The Belleville Intelligencer was founded in 1834 by George Benjamin, who, after just arriving in the city, is said to have stopped in at a hotel and asked to purchase the local newspaper. He was then informed of the young city's lack of a local newspaper, as several attempted newspaper publications turned out to have been short lived and had failed. This innocent question eventually led to George Benjamin establishing the Intelligencer in 1834, although it was originally regarded as another attempt that was likely destined for failure in the long run.
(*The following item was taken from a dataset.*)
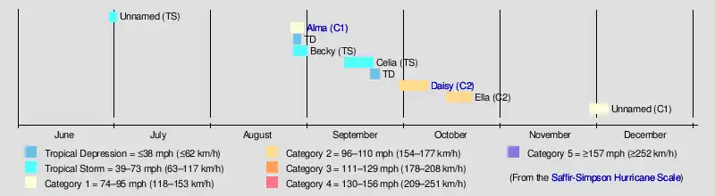 | Alma | August 26–30 | Category 1 hurricane | 85 (140) | 984 | Puerto Rico, Greater Antilles, The Bahamas, East Coast of the United States | $1 million | 0 (1) | |||

Many newspapers predated the Intelligencer in Belleville, and all folded quickly. The first recorded paper was The Anglo-Canadian in 1829 which folded within a year. Other attempts included The Phoenix in 1831, The Hastings Times and Farmers' Journal in 1833, and finally The Standard of Moira which lasted only six weeks in 1834. These previous failed newspaper publications dampened the original public opinion of the Intelligencer, although the outlooks eventually lightened.

The Intelligencer originally consisted of only four small pages and was originally only a weekly publication. In 1897, D'Alton Corry Coleman became city editor for the Intelligencer at age 18. Later on it would be sold to a young Sir MacKenzie Bowell (a future Canadian Prime Minister), who had come to work for George Benjamin at the Intelligencer. It has also been stated that MacKenzie Bowell's political career started at the Intelligencer, with its then firm political views. After obtaining the Intelligencer MacKenzie Bowell would remain its owner until 1917 the year of his death at the age of 94.

The media group Sun Media purchased the newspaper in 2009. The purchase moved the paper's editorial policy significantly to the right.
In spring 2014, the Intelligencer and other Sun Media properties were sold to Postmedia, owner of The National Post in Toronto.
The Intelligencers current advertising director is Gerry Drage, its managing editor W. Brice McVicar.

In September 2017, PostMedia transferred the Intelligencers distribution to a private distribution company. Big Creek Services Corporation is based in Napanee Ontario and manages the distribution of 5 of PostMedia's newspapers and has a network of almost 500 on contract newspaper carriers.